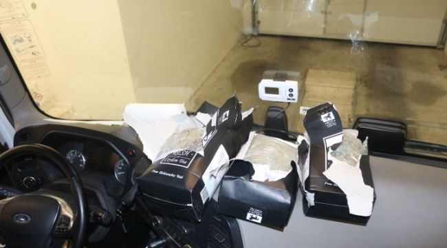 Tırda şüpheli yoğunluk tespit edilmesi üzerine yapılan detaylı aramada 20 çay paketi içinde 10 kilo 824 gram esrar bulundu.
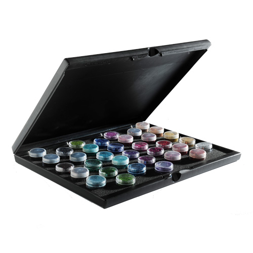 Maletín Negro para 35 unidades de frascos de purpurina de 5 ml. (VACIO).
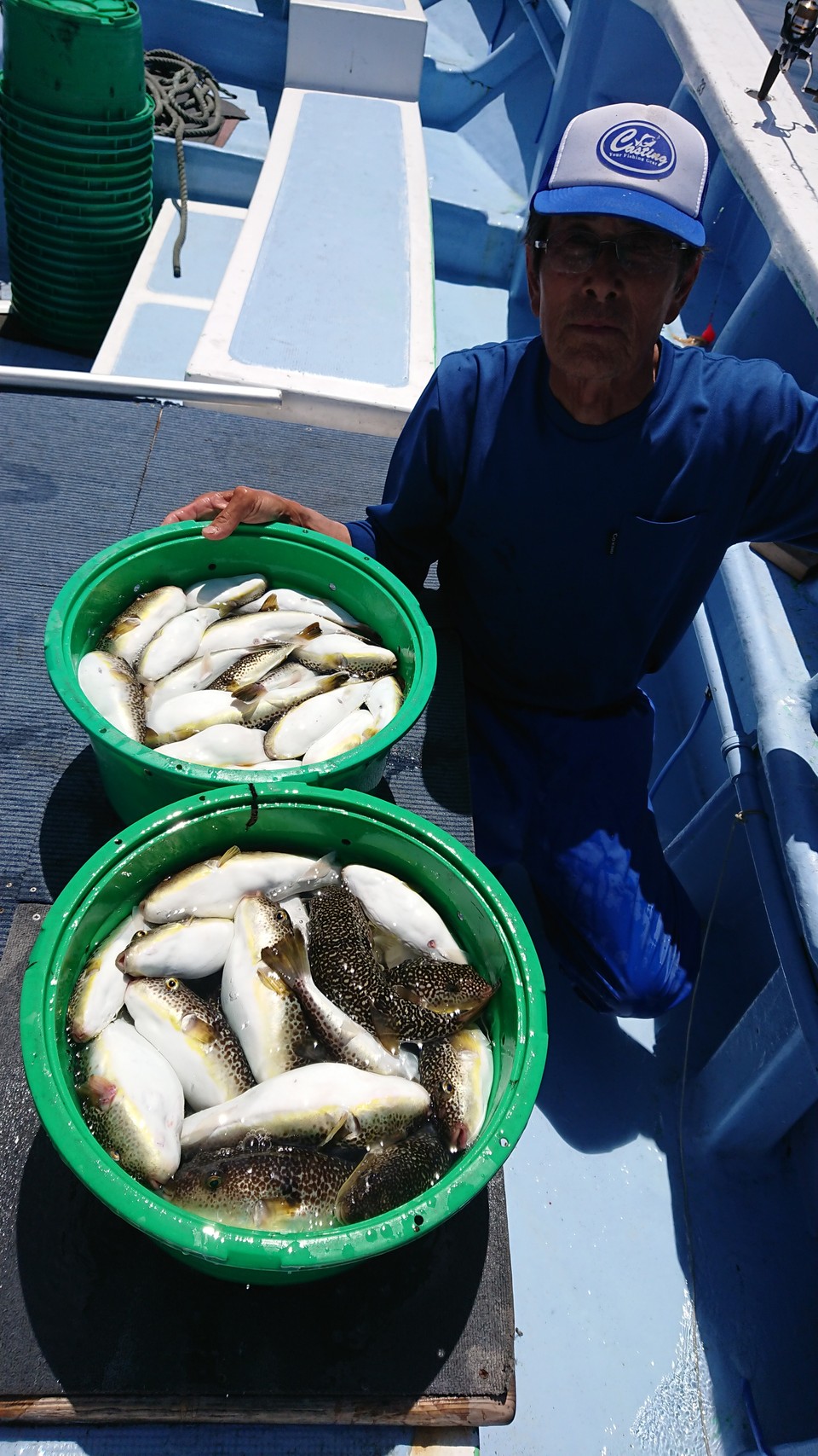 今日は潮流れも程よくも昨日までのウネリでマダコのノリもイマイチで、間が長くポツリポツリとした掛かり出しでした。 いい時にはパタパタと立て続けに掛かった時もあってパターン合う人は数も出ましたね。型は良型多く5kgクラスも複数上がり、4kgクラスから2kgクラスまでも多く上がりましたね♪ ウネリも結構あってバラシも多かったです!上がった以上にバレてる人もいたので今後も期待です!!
---
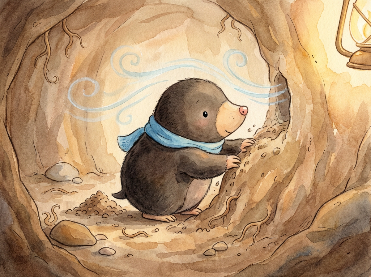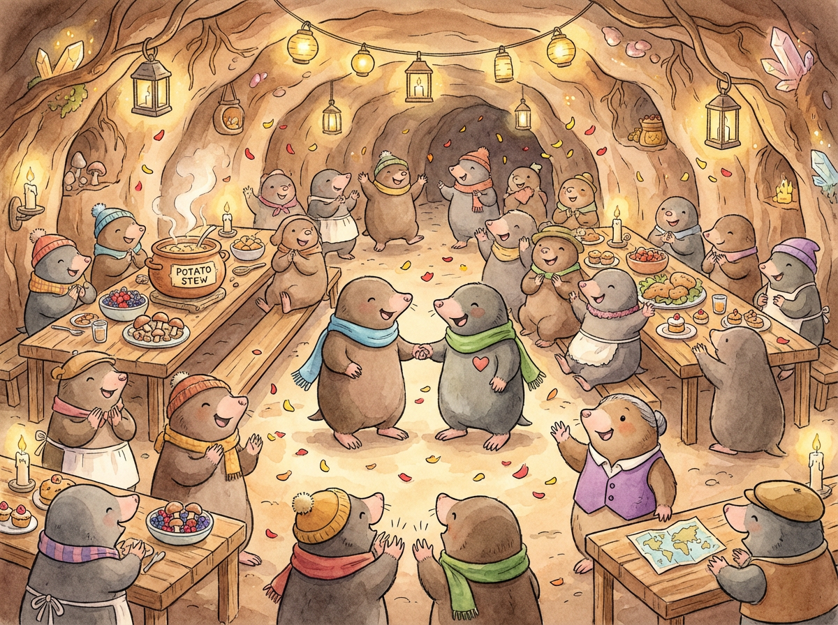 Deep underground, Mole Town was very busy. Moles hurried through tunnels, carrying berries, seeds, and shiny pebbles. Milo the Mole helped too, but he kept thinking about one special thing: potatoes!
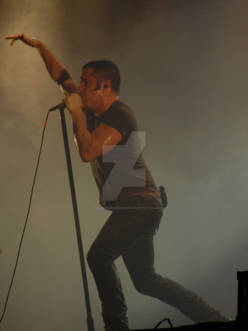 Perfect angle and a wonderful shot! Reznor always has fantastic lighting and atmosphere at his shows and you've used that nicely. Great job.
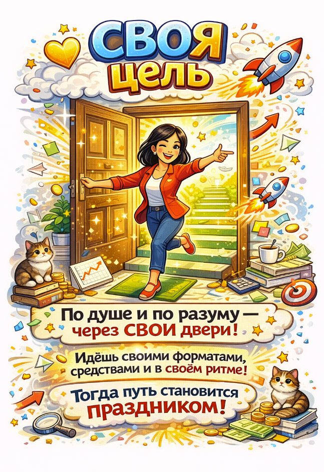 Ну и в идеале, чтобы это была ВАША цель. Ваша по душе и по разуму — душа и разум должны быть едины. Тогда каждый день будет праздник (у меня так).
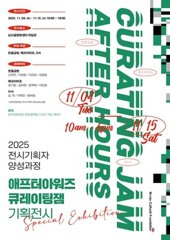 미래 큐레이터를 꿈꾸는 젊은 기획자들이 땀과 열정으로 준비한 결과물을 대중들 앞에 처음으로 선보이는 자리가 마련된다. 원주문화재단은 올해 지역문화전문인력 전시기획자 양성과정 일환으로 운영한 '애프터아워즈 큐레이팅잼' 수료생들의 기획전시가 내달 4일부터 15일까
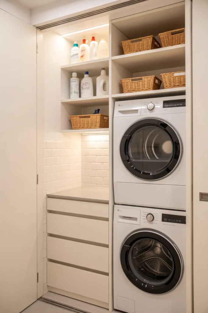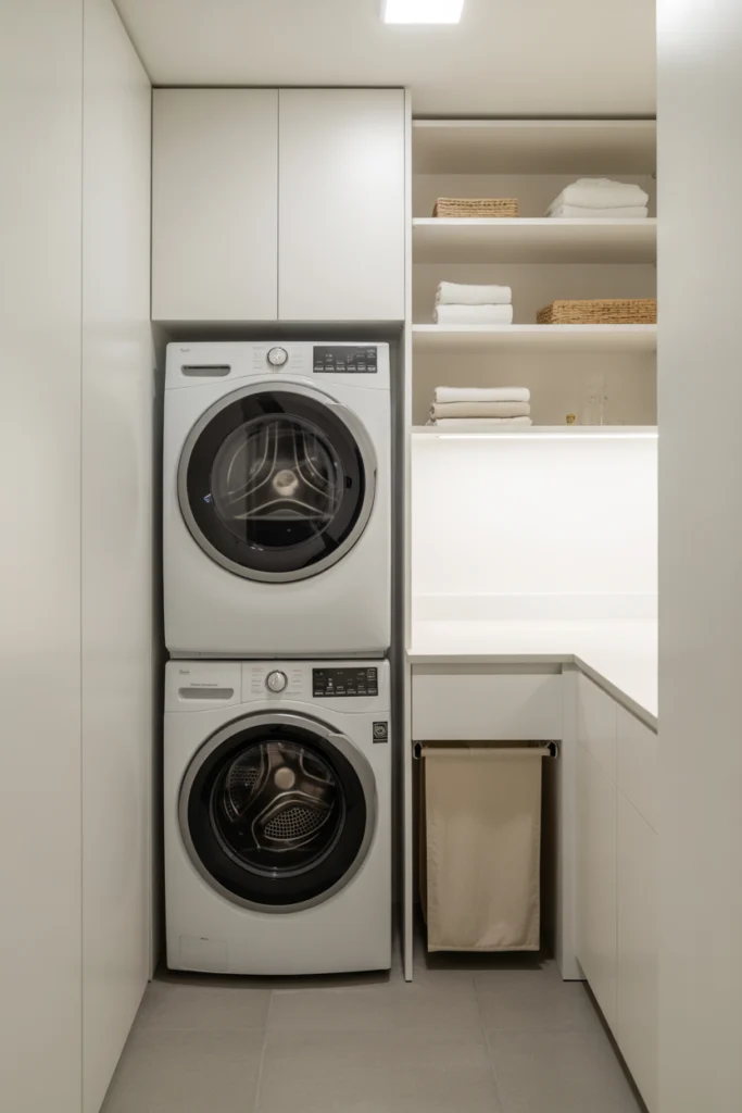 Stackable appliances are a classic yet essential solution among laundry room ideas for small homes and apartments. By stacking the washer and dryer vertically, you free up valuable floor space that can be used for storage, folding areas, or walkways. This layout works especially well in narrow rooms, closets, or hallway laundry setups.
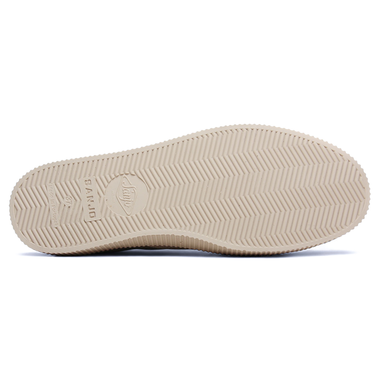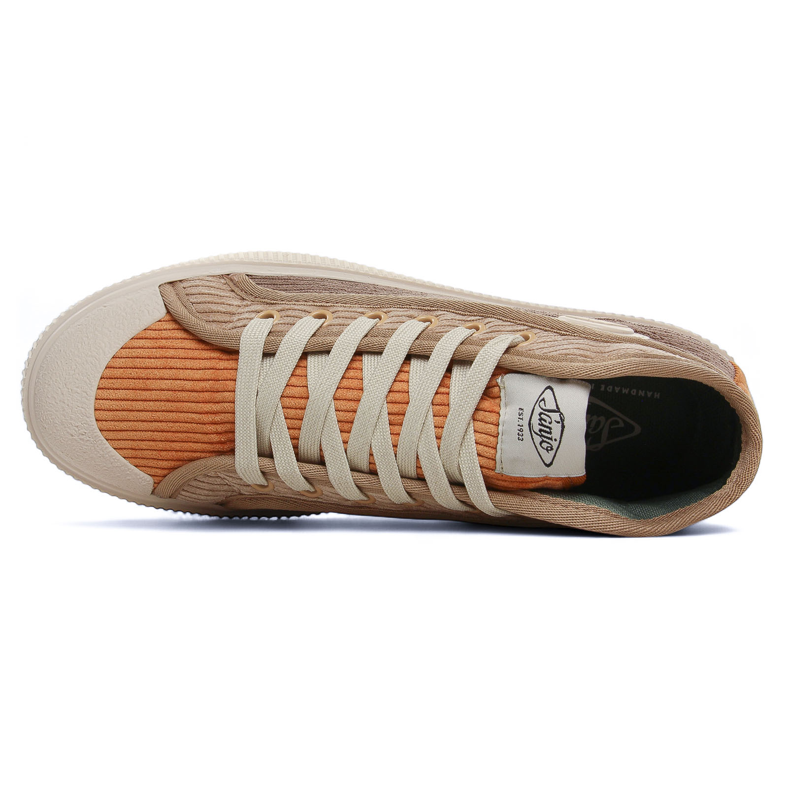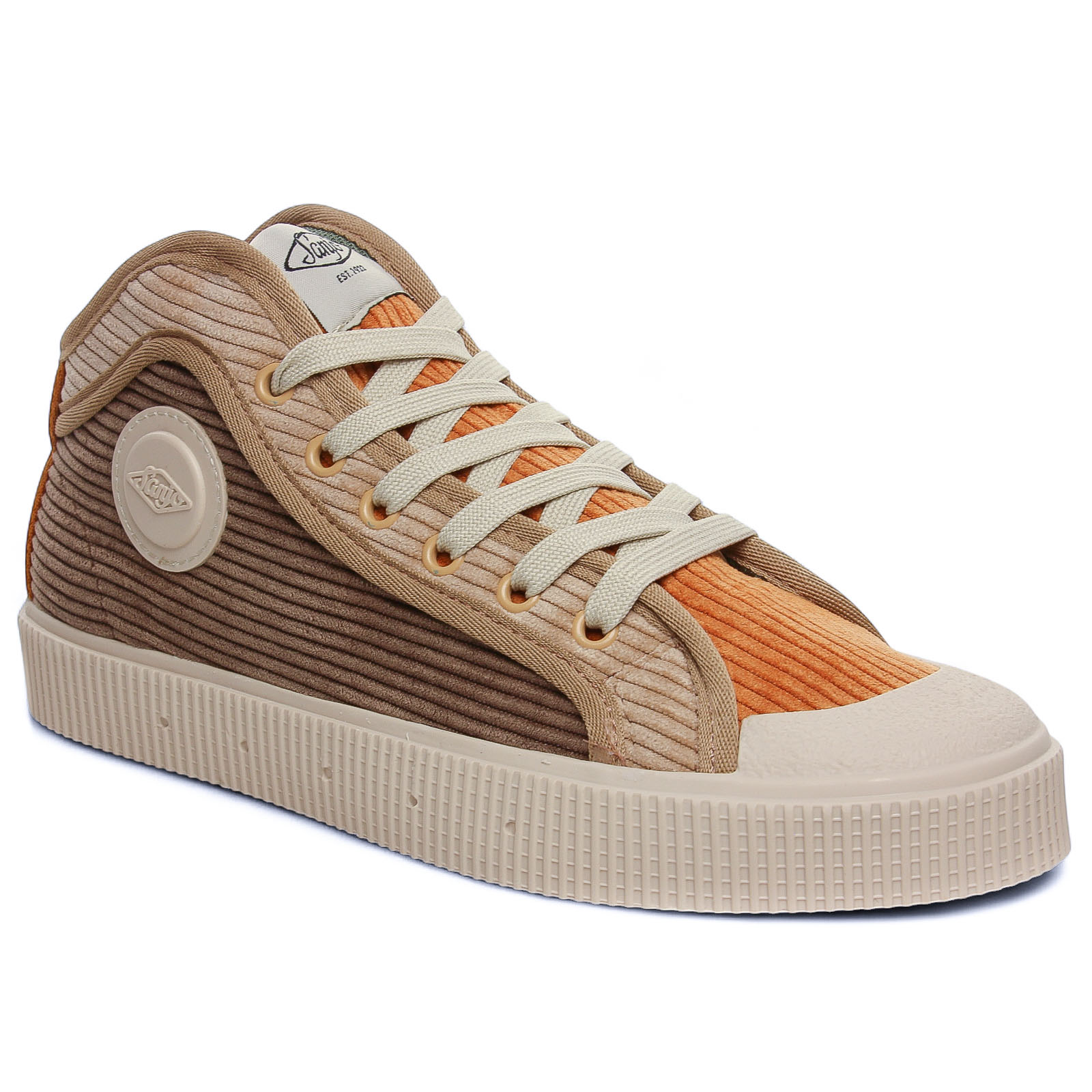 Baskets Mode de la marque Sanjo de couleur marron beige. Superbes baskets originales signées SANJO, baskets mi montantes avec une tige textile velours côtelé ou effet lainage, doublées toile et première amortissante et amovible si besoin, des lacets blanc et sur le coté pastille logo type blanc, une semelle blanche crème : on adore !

● **What is expected**: Among the entries above, locate the line with "Deep underground, Mole" and the line with "Baskets Mode de". Give those two lines and all lines between them again, exactly, leaving out the pictures.

● **Exercise solution**:
 Deep underground, Mole Town was very busy. Moles hurried through tunnels, carrying berries, seeds, and shiny pebbles. Milo the Mole helped too, but he kept thinking about one special thing: potatoes!
 Perfect angle and a wonderful shot! Reznor always has fantastic lighting and atmosphere at his shows and you've used that nicely. Great job.
 Ну и в идеале, чтобы это была ВАША цель. Ваша по душе и по разуму — душа и разум должны быть едины. Тогда каждый день будет праздник (у меня так).
 미래 큐레이터를 꿈꾸는 젊은 기획자들이 땀과 열정으로 준비한 결과물을 대중들 앞에 처음으로 선보이는 자리가 마련된다. 원주문화재단은 올해 지역문화전문인력 전시기획자 양성과정 일환으로 운영한 '애프터아워즈 큐레이팅잼' 수료생들의 기획전시가 내달 4일부터 15일까
 Stackable appliances are a classic yet essential solution among laundry room ideas for small homes and apartments. By stacking the washer and dryer vertically, you free up valuable floor space that can be used for storage, folding areas, or walkways. This layout works especially well in narrow rooms, closets, or hallway laundry setups.
 Baskets Mode de la marque Sanjo de couleur marron beige. Superbes baskets originales signées SANJO, baskets mi montantes avec une tige textile velours côtelé ou effet lainage, doublées toile et première amortissante et amovible si besoin, des lacets blanc et sur le coté pastille logo type blanc, une semelle blanche crème : on adore !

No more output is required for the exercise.